Over the last several months I have been looking into a new potential daytrading strategy. This one looks into more illiquid stocks and therefore I won’t reveal the strategy: It’s simply not enough volume for many traders to trade the same. So why do I bother to publish it? I would like to show the results of my testing and later I will show the actual profits (or losess) from real trading. This is a mean reversion strategy.
I have tested the strategy by “live” quotes for a period of about two months now in june and july. I decided to backtest the strategy using data from 2010 and 2011. From this data I picked the best stocks fitting my criteria. The stocks I picked based on the results from 2010 and 2011 I tested in an “out of sample test” for January through July 2012.
I first made a portfolio of stocks based on the following:
- Volatility: I don’t want to have stocks with high volatility (using daily movement)
- Over the last year the stock must have been “stable”, not showing extended moves one or the other way.
- Some industries I know from experience is very tricky to trade (at least for me). So I excluded about 50% of the stocks just on this criteria.
- The stock must be higher than 15 USD (lower priced stocks are more erratic).
- I only use NYSE stocks (basically because of criteria number 1).
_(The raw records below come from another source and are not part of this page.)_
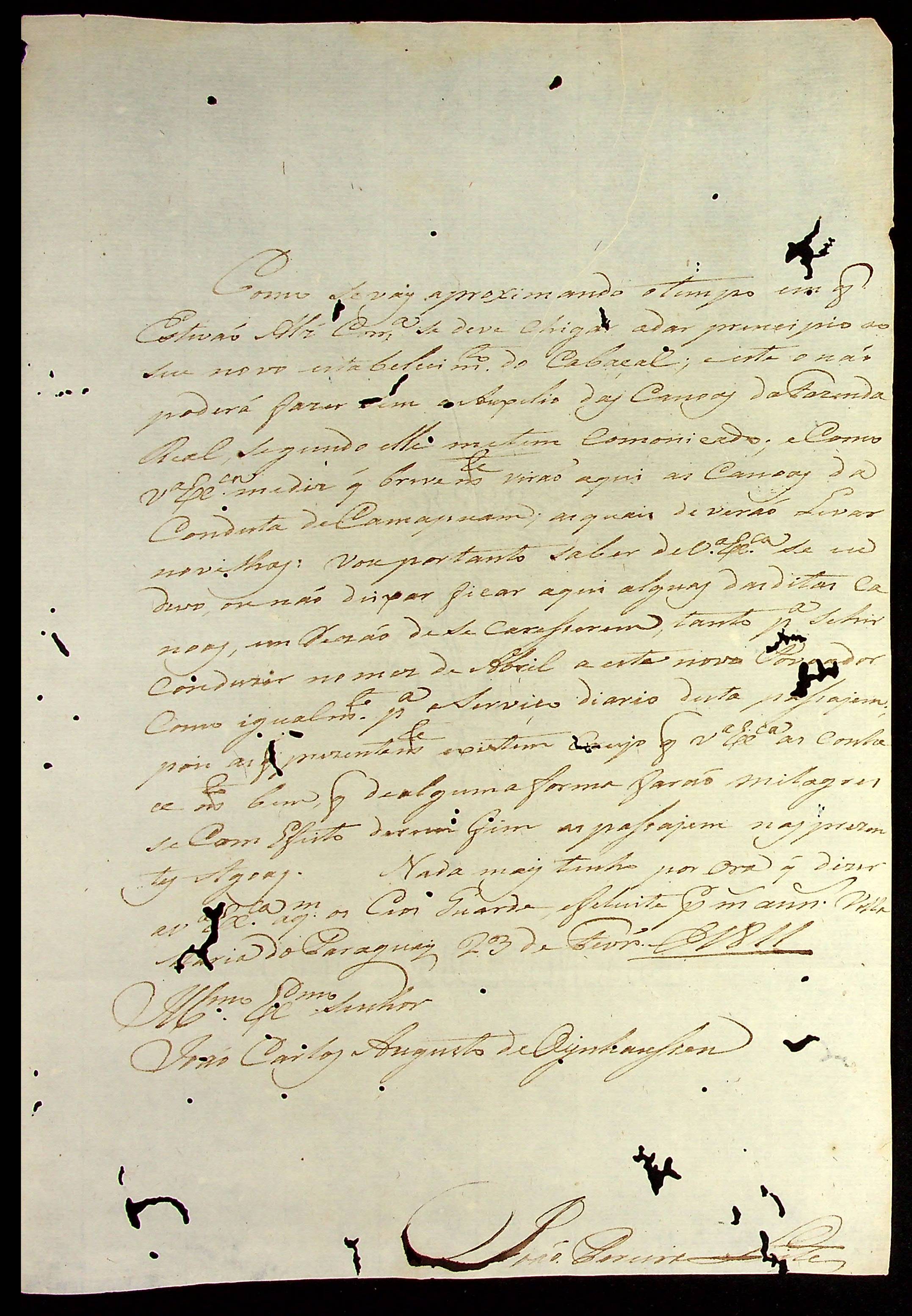 CARTA do Comandante João Pereira Leite ao [Governador e Capitão-general da Capitania de Mato Grosso] João Carlos Augusto d’Oeynhausen e Gravenberg.
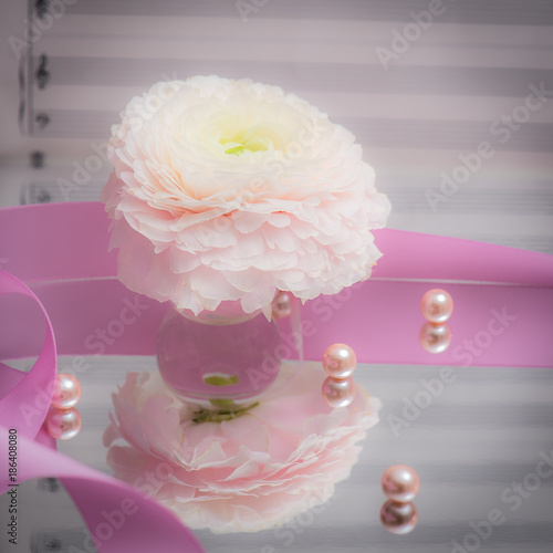 Beautiful Pink Rose In A Small Glass Vase Put On A Mirror With Pink Pearls And Note Paper In Background Stock Photo Adobe Stock
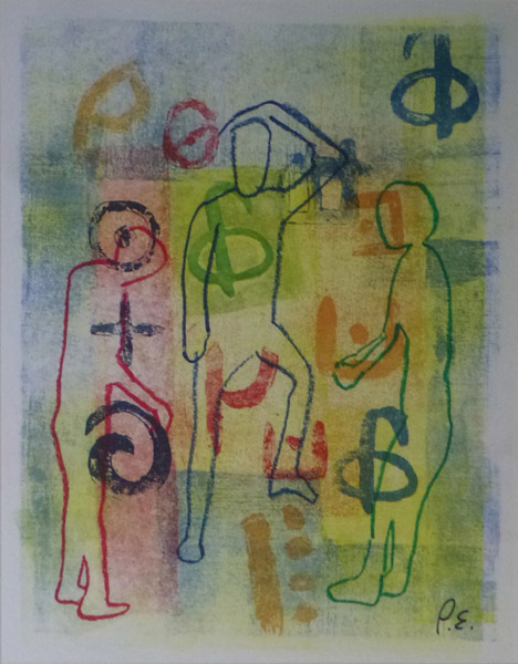 Lithograph in Colours with Oil Pastel Figures, 2018
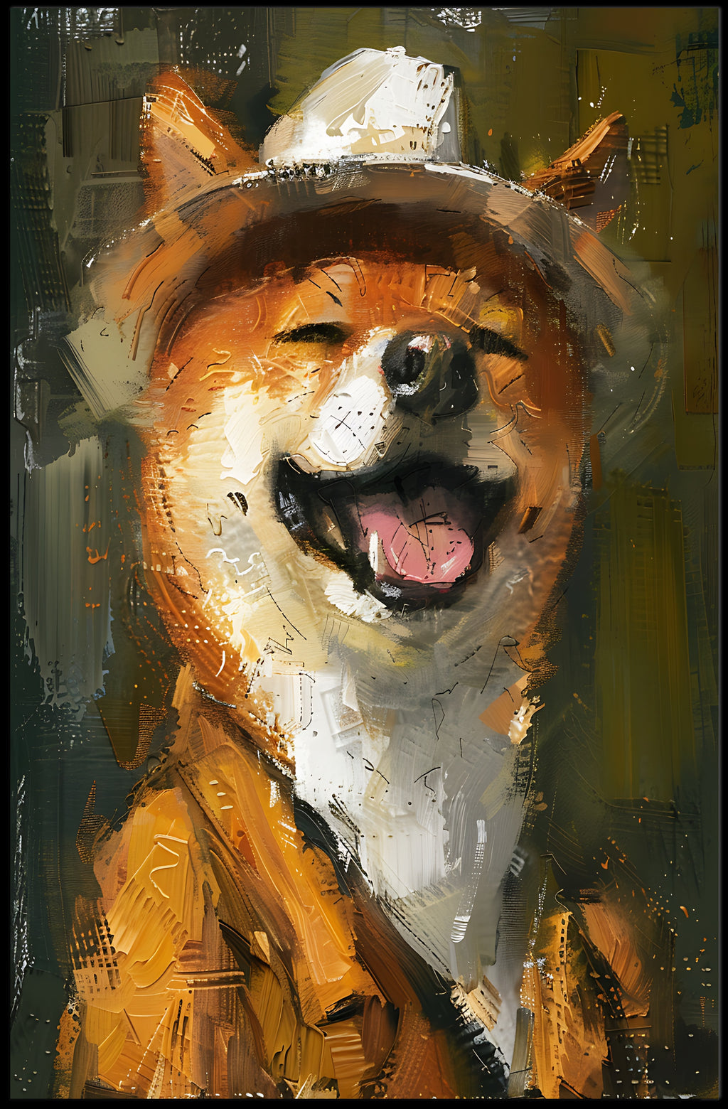 This whimsical animal poster captures a joyous Shiba Inu in an anthropomorphic style, wearing a light-colored fedora and a classic suit jacket. The dog's laughing expression adds a humorous and endearing touch to the composition. Created in a painterly, impressionistic style, this artwork uses soft brushstrokes and vibrant colors to convey a sense of lightheartedness and artistic flair. Perfect for dog lovers and art enthusiasts alike, this poster brings charm and character to any space, making it ideal for brightening a room or adding personality to an art collection.
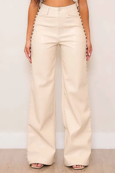 Vegan Leather Wide With Pearl In White In Multi

Doing this very crude selection I ended with 465 different stocks. Of these 465 stocks 100 were selected for my portfolio using results from 2010 and 2011(yes, some kind of curve fitting). Additional criterias were based on correllation with SPY, mean reversion ability (this is a mean reversion strategy) and average profit per fill. Doing this there is always the possibility of curve fitting, so therefore I want to have an out of sample test. That is the method I have used previously and it has worked reasonably well.
Here is how the accumulated P/L looks like for 2010 and 2011 using the best 100 stocks out of 465 candidates:
Each position is with 5000 USD, the lowest size I can possibly trade. Slippage and commissions are not included. There should be no slippage on entry because I get “hit” with the order (providing liquidity), and exit is on MOC. Commissions are negligible compared to average gain per fill. In total there is about 13 952 fills over these two years (about 30 fills per day). I like to use the law of big numbers. That’s why we get this smooth equity curve (and perhaps because of curve fitting).
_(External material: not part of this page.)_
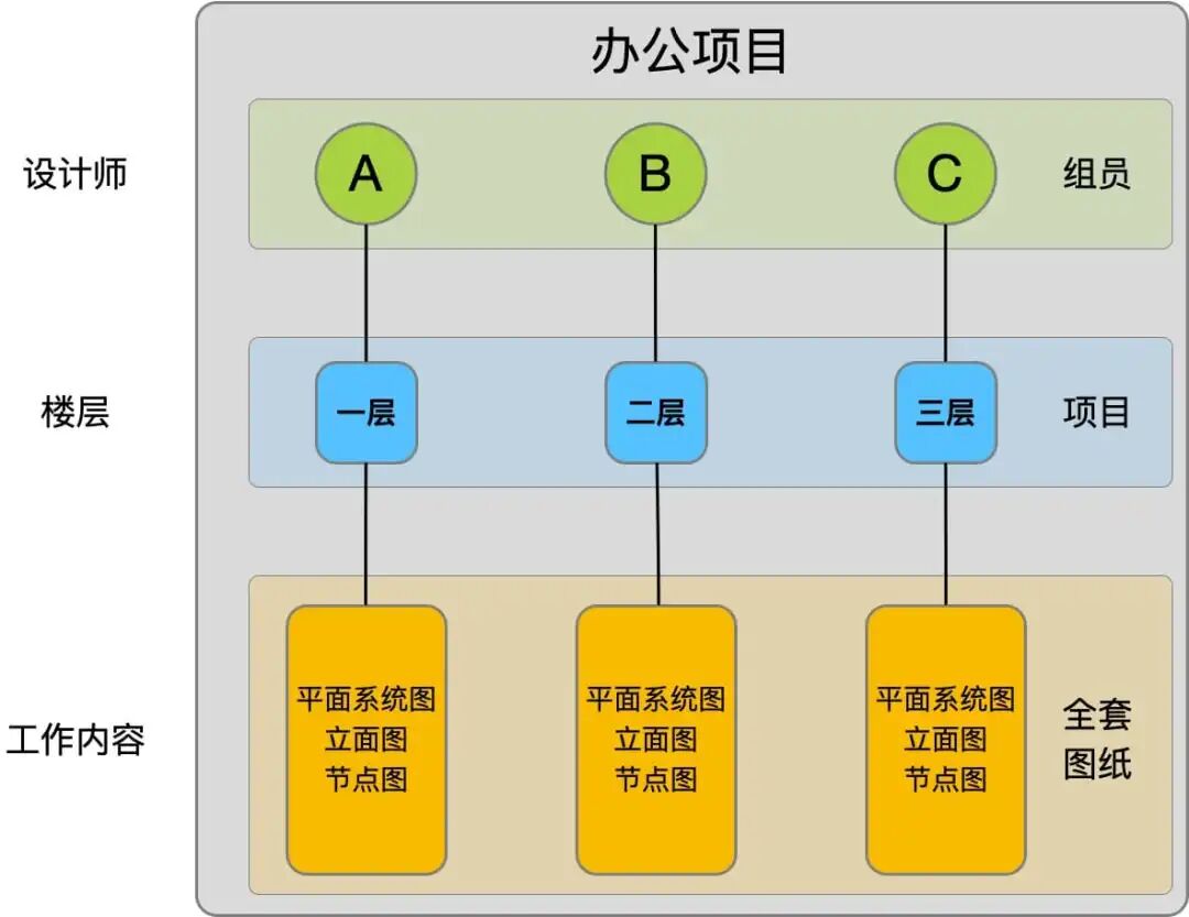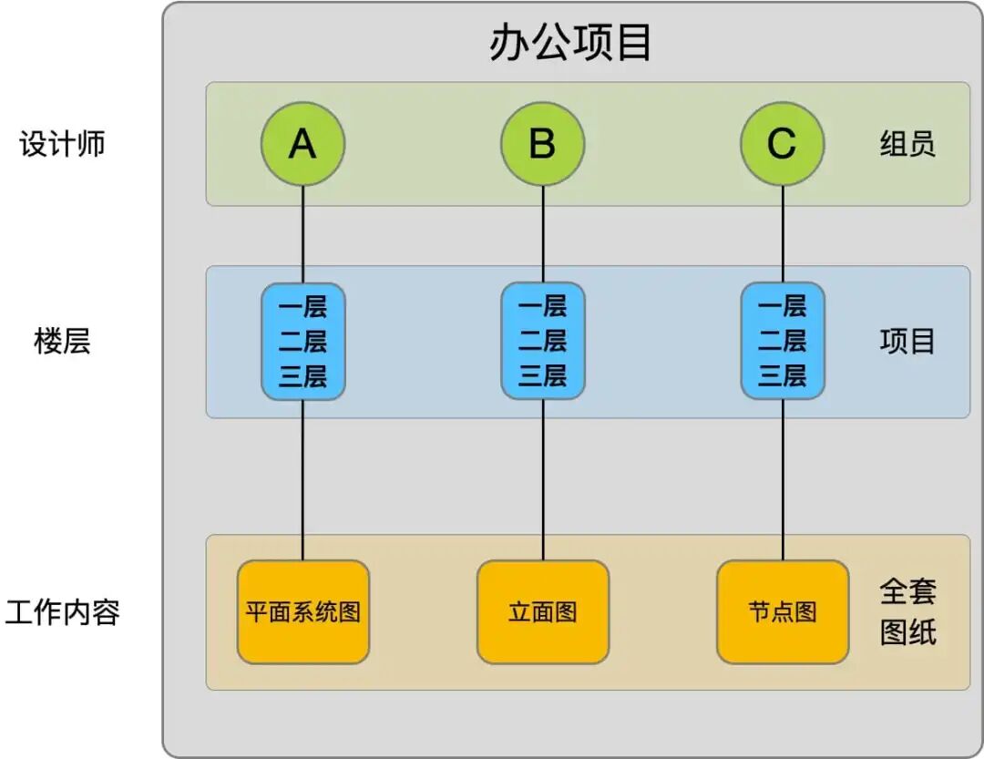 我们也可以采用把不同类型的图纸分配给不同的设计师去完成的方式。这里的图纸类型,就是我们常说的平面系统图、立面图、节点图以及表单类图纸。

So how did this sample of 100 stocks perform in 2012?
Surprisingly good, if you ask me. Is this too good to be true? Above 35 000 USD in accumulated profits with the lowest possible size. Over the 650 day period 65% of the days are profitable. Another point to make is that the P/L goes up when the general volatility in the market picks up (best month is august 2011). That makes sense: the more energy out there, the more to prey on.
Remember that this is just one of several strategies one needs to trade. You can’t just rely on just one strategy.
Here is the P/L per day over the whole period:
And here is the final graph showing monthly P/L:
I’m not naive so I will be happy if I can get 1/3 of the profits of this simulation. This is theory and I know that many of these fills I won’t get in real life due to error in the quotes and data. No matter which data you use it will be worse in real life. That is a sure thing.
I have already started trading this strategy from 1. august with 3 days in a row with decent profits.
Update 18th of August 2012: I have now traded this strategy every day in August and made about 3 000 USD on minimum size. As expected, theory is a lot better than real life. However, the strategy performs well and every day has been positive except for one day with a small loss. The biggest discrepancy from theory is that about 5% of the stocks are “hard to borrow”, ie. I can’t short them. They have on average better return than those which are easy to borrow.